Although subsequent entry into the game is considerably speeded up, you'll need at least an hour of spare time to make it worth starting a playing session.

In the package are acouple of well-produced booklets which are essential reading before beginning to play the game properly. They are a mixture of background and instruction, and an hour spent absorbing the information given is well spent.

Your task is to rid your sector of the galaxy of assorted baddies - the number of enemies and time allowed varies from mission to mission. As your experience and expertise increases, so does your rank and the difficulty of the mis sions encountered if you are to receive further promotion.

You can seek out and destroy the enemy with torpedoes or disable them with phaser fire then capture and tow them to a star base where you can also replenish your supplies.

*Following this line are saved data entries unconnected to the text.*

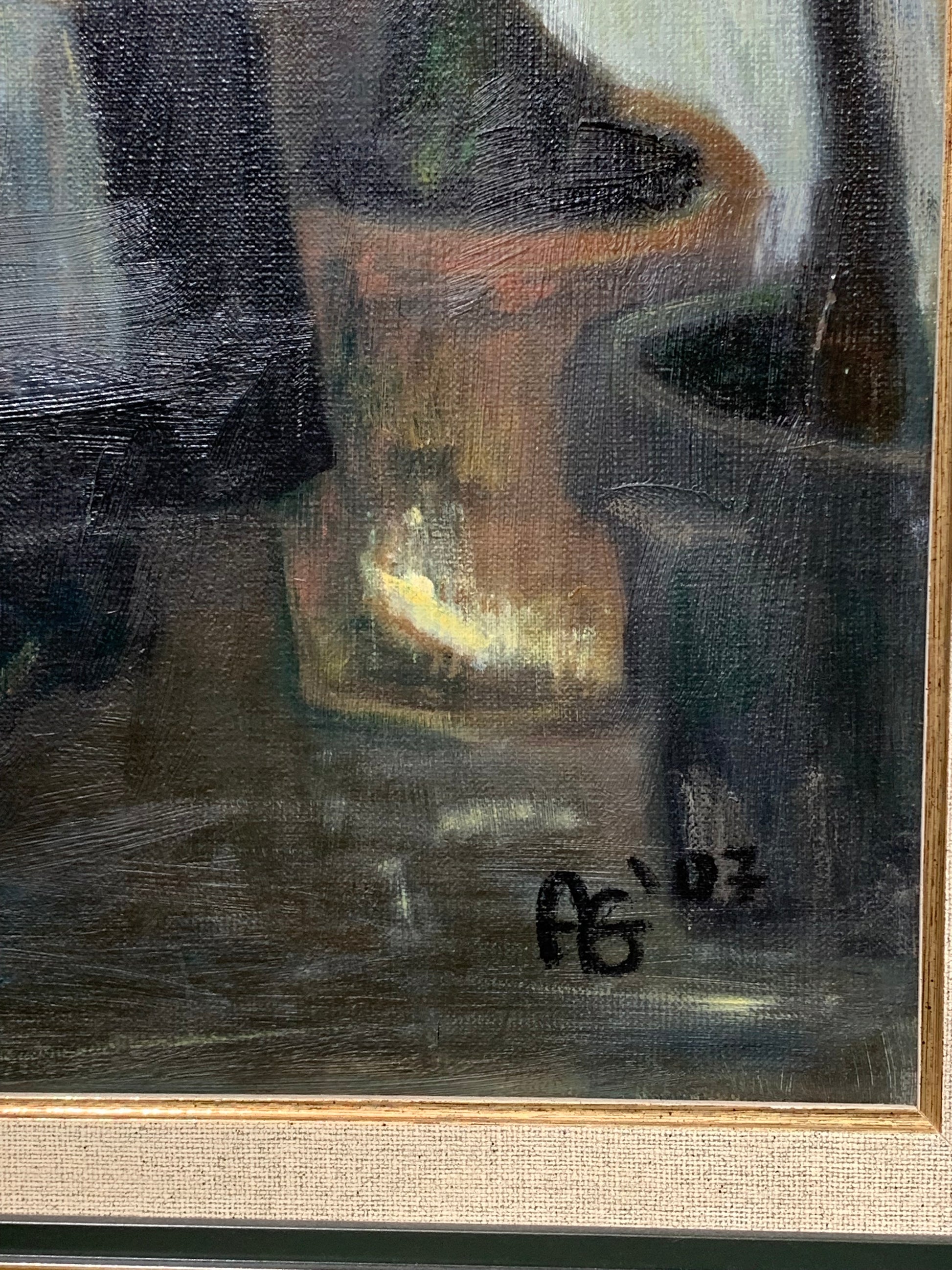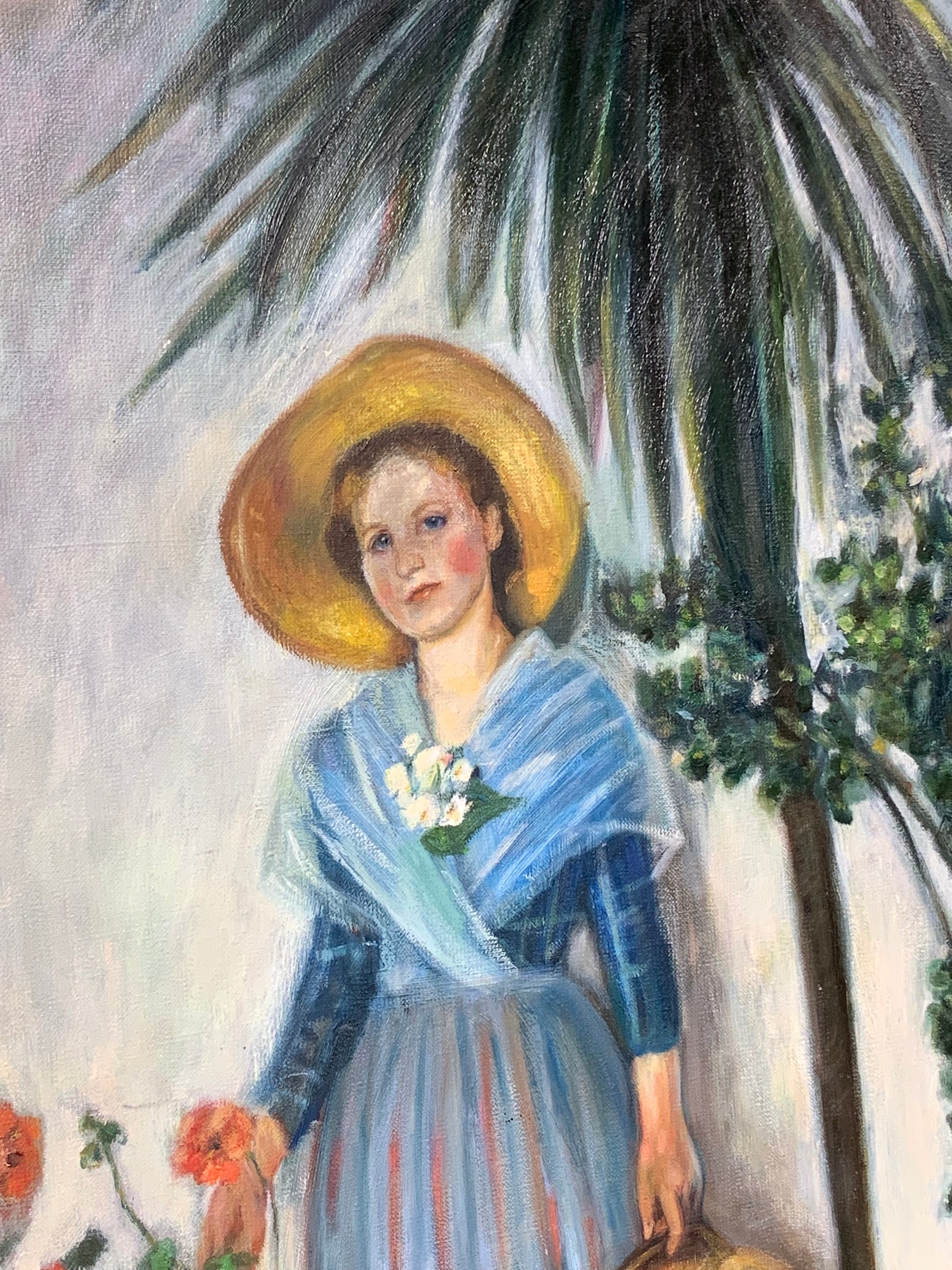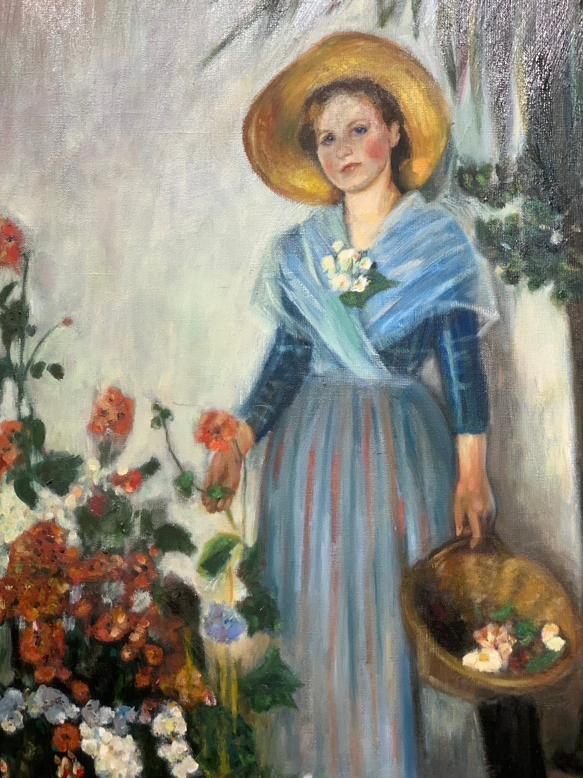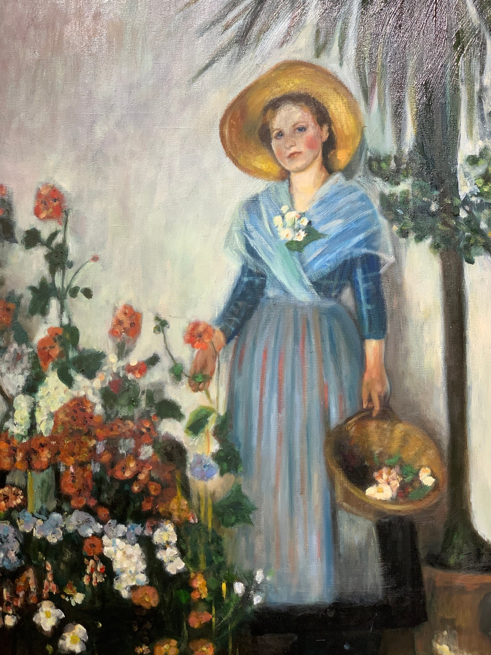 Obraz "W oranżerii" Olga Boznańska, kopia sygnowana. Oryginał dzieła został namalowany w 1890 roku przez 25-letnią wówczas artystkę podczas pobytu w Krakowie. Dzieło o pięknej kolorystyce, technika: olej na płótnie, oprawiony w drewnianą ramę.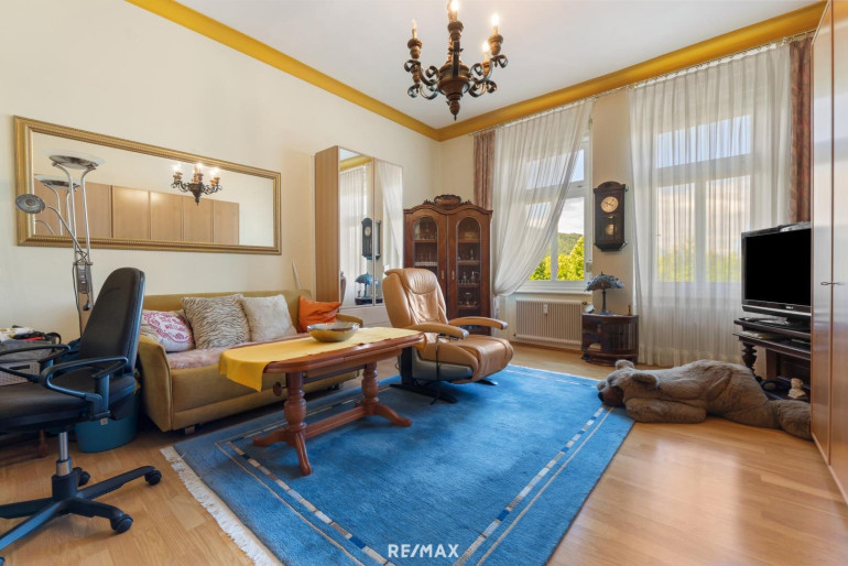 Der südlich ausgerichtete, besonders großzügige Salon schafft ein exklusives Ambiente. Direkt angrenzend befindet sich das ca. 44 m² große Wohnzimmer, ebenfalls südseitig gelegen. Drei weitere Zimmer, eines davon mit begehbarer Garderobe, bieten vielfältige Nutzungsmöglichkeiten. Eine Küche mit Essbereich, ein Tageslichtbad mit offener Dusche sowie ein separates WC vervollständigen das stimmige Raumkonzept.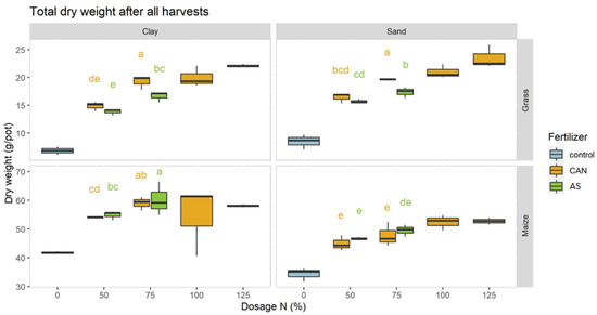 Total dry weight of the crop harvest of the ammonium sulfate (AS) (green) and calcium ammonium nitrate (CAN) treatments (orange) for two soils (clay and sand), two crops (grass and maize) and different levels of N dosages. The letters indicate groupings of the treatments determined by the least squares difference (LSD): two treatments with the same letter are not significantly different from each other. Grass and maize were analyzed separately and only 50% and 75% of the treatments were included in the statistical tests. LSD is 10.61 g pot−1 for grass and 4.71 g pot−1 for maize.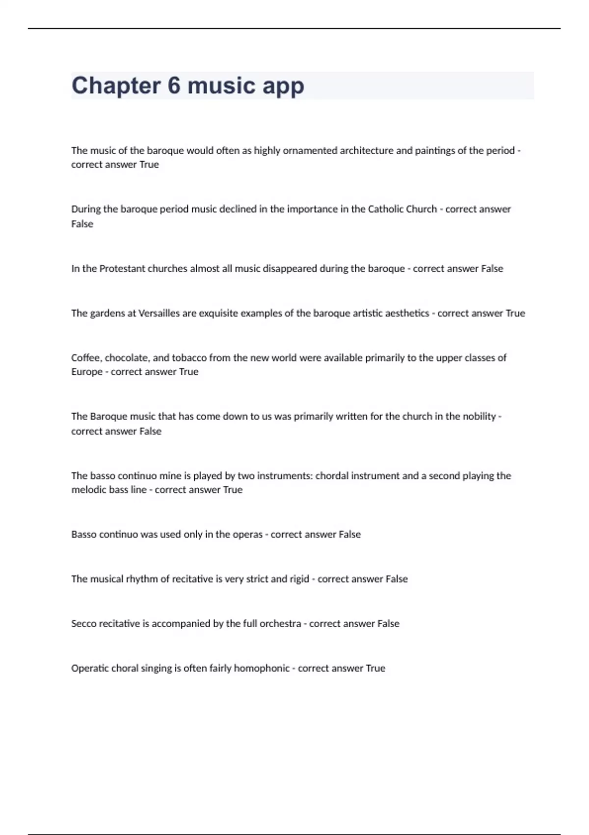 Chapter 6 music appThe music of the baroque would often as highly ornamented architecture and paintings of the period - correct answer True During the baroque period music declined in the importance in the Catholic Church - correct answer False In the Protestant churches almost all music disappeared during the baroque - correct answer False The gardens at Versailles are exquisite examples of the baroque artistic aesthetics - correct answer True Coffee, chocolate, and tobacco from the new world were available primarily to the upper classes of Europe - correct answer True The Baroque music that has come down to us was primarily written for the church in the nobility - correct answer False The basso continuo mine is played by two instruments: chordal instrument and a second playing the melodic bass line - correct answer True Basso continuo was used only in the operas - correct answer False The musical rhythm of recitative is very strict and rigid - correct answer False Secco recitative is accompanied by the full orchestra - correct answer False Operatic choral singing is often fairly homophonic - correct answer True Peri and Monteverdi composed operas based on the same object-the story of Orpheus - correct answer True The baroque opera was rarely based on Greek legends - correct answer False Francesca Caccini was an opera singer and composer at the court of the Medici family - correct answer True Heroic male roles in the baroque opera were often sung by castrati - correct answer True Today women frequently sing castrato roles - correct answer True Purcell's Dido and Aeneas marks the beginning of opera as a major art form - correct answer False The earliest public opera houses were built by 1637 - correct answer True Though many composers, such as Handel, composed opera, it never really became popular outside of Italy - correct answer False French opera during the baroque period was essentially the same as Italian opera because the primary opera composer, Lully, was Italian - correct answer False Which city was the leader of the European culture and design by the 18th century - correct answer Paris The greatest baroque church musician was - correct answer Johann sebastian bach The group of musicians and scholars who invented opera while trying to recreate the spirit of Greek drama were the - correct answer Camerata Homophonic music that allows the singers voice to predominate - correct answer Monody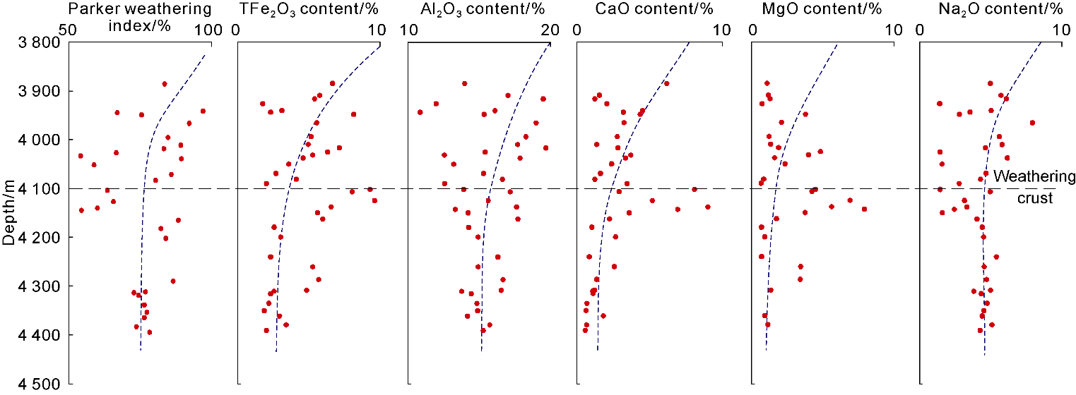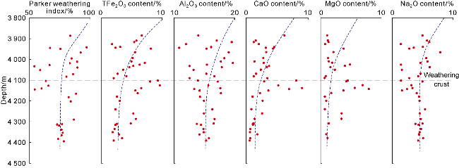 Fig. 3b) are irregular fractures formed by weathering of volcanic rocks exposed at the surface, most developed near the weathering crust on the top of volcanic rocks, commonly presenting horsetail-like, en echelon-like, and leaf vein-like patterns. Weathering fractures intersect with tectonic fractures, dividing the rocks into blocks of varying sizes, which facilitates dissolution. Zeolites, argillaceous materials and carbonate minerals are commonly found to fill weathering fractures. Tectonic fractures (

My first mission saw me totally disabled and powerless, my second left my ship a raging inferno, I ran out of time on the third but the fourth and fifth I completed. I felt pathetically grateful to be told I was a hero and to be promoted from cadet to Lieutenant JG. That, I think, indicates something of the addictiveness of what at first sight appears a rather unprepossessing game.

The screen display is fairly simple and such graphics as are present are relatively crude. Star Fleet is no Zarch, yet it has the compelling quality of a first-rate idea well implemented.

The game is well bug-proofed. Irrelevant entries are trapped and excellent use is made of the function keys to provide the many controls of your ship. A mixture of real-time activity and reflective planning are required to master this program - and the activity can get pretty hectic on occasions.

If you like management and strategy simulations this is for you - I'm just off to have another session.